Nella pagina evangelica i discepoli non comprendono che Gesù dovrà «soffrire molto da parte degli anziani, dei capi dei sacerdoti e degli scribi, e venire ucciso e risorgere il terzo giorno». Pietro risponde così a Gesù: «Dio non voglia, Signore; questo non ti accadrà mai». Dura la risposta del Messia: «Va’ dietro a me, Satana! Tu mi sei di scandalo, perché non pensi secondo Dio, ma secondo gli uomini!». La nuova traduzione italiana del verbo opiso, vieni dietro, invece di allontanati, rende giustizia al testo. Pietro non comprende il senso della sequela cristiana: la sofferenza trova l’ultima parola nella risurrezione. Gesù, infatti, non ci salva dalla morte, ma nella morte: morendo lui stesso, e facendo passare anche noi attraverso le nostre croci quotidiane, ci spalanca – anche su questa terra – le porte della vita eterna: «Chiunque vive e crede in me, non morirà in eterno» (Gv 11,26).
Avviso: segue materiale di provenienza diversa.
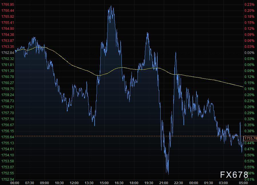 金价周四下跌,现货黄金收跌0.40%,报1755.78美元/盎司,因在周五公布月度就业报告之前,美国公布上周初请失业金人数下降,这提振了美债收益率,并引发了对美联储可能很快开始缩减经济支持的押注。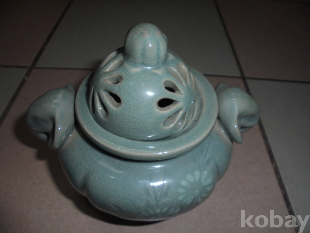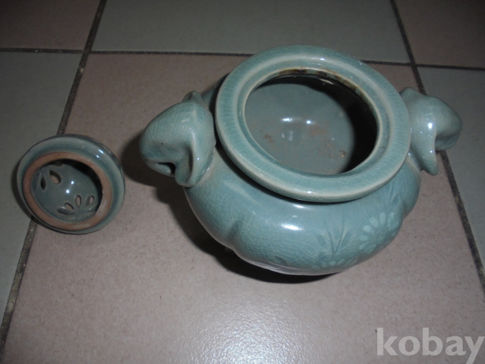 고운 연청자 몸통에 흰국화줄기와 꽃무늬 코키리손잡이 투각국화무늬의 손잡이투껑 열처리한 예술적인 여당 연청자 향로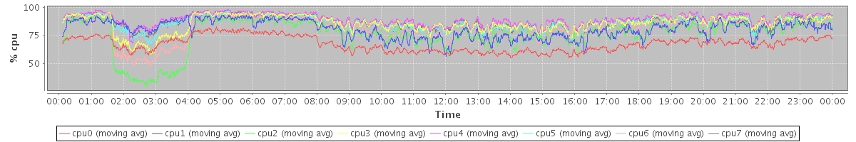 avg(cpu0) = 67.32 avg(cpu1) = 80.31 avg(cpu2) = 75.60 avg(cpu3) = 85.54 avg(cpu4) = 89.20 avg(cpu5) = 86.64 avg(cpu6) = 78.83 avg(cpu7) = 87.07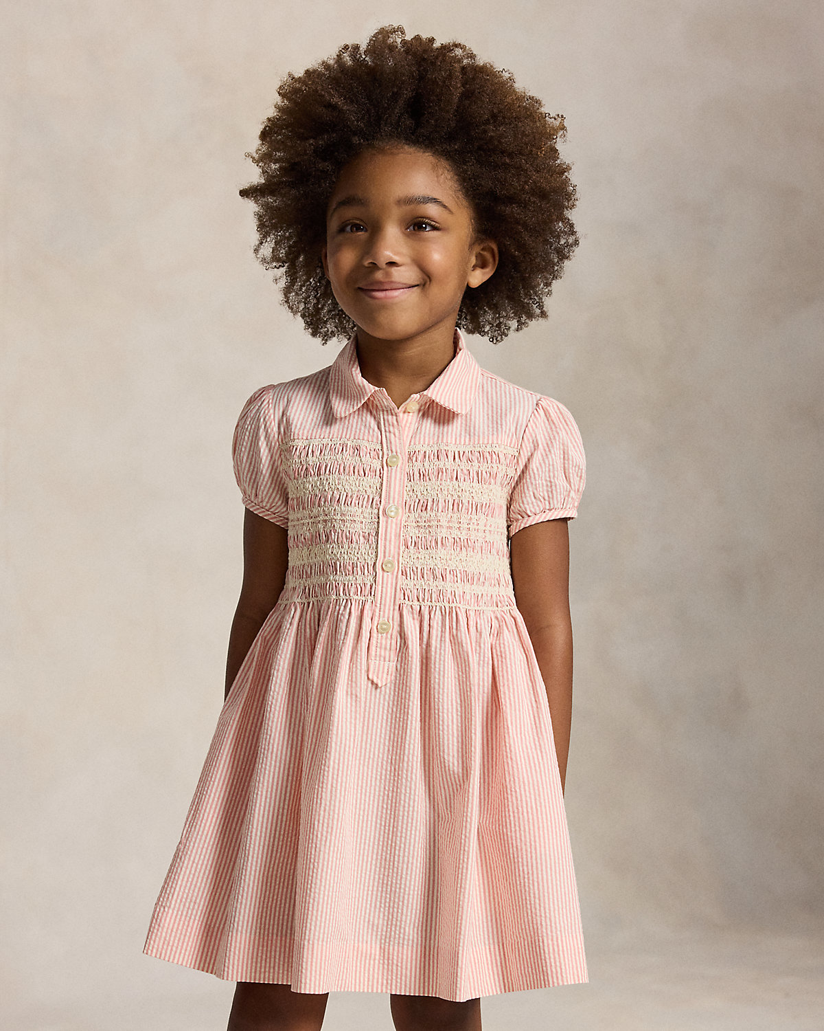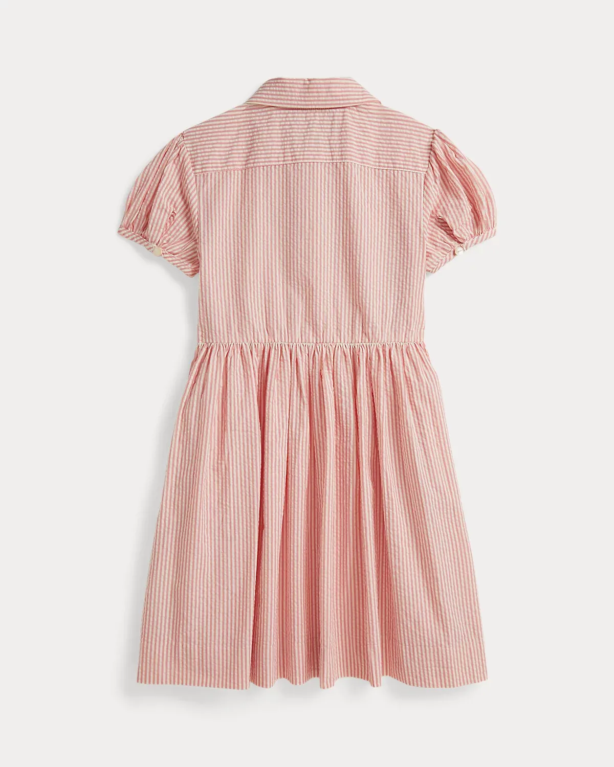 A sweet pick for the warmer months, this dress is designed with lightweight cotton seersucker, yarn-dyed stripes, and smocking at the bodice.

Gesù rimanda Pietro al suo posto: dietro al Maestro. Nessuno lo ha autorizzato a porsi davanti, a essere un consigliere. La sequela autentica è quella forgiata nel dolore, tra grido e speranza: «L’anima non avrebbe arcobaleni se gli occhi non avessero lacrime», recita un antico proverbio Minquass. Pietro è la roccia, ma un sasso può essere anche un’insidia: skandalon in greco vuol dire ostacolo, pietra d'inciampo. Satana, invece, significa “colui che divide”. Inoltre, il discepolo deve vivere nella logica della donazione, dell’amore, dell’essere per e non del possesso: «Se qualcuno vuole venire dietro a me, rinneghi se stesso, prenda la sua croce e mi segua. Perché chi vuole salvare la propria vita, la perderà; ma chi perderà la propria vita per causa mia, la troverà». Rinnegare se stessi significa rinunciare a difendere esclusivamente i propri confini, ad arroccarsi nel proprio io per paura. L’evangelista userà lo stesso verbo quando racconterà del tradimento di Pietro: l’apostolo, per difendere se stesso, rinnegherà Gesù. L’uomo muore quando coltiva esclusivamente se stesso; vive profondamente, invece, quando pensa agli altri, soprattutto ai più “poveri”. In realtà Pietro sa cogliere la luce, ma è incapace di convivere col buio, di fidarsi di Dio, di cambiare mentalità. A tal proposito, mi piace citare la frase iniziale del brano Finirà bene di Ermal Meta: «Questo non è buio, sono solo gallerie».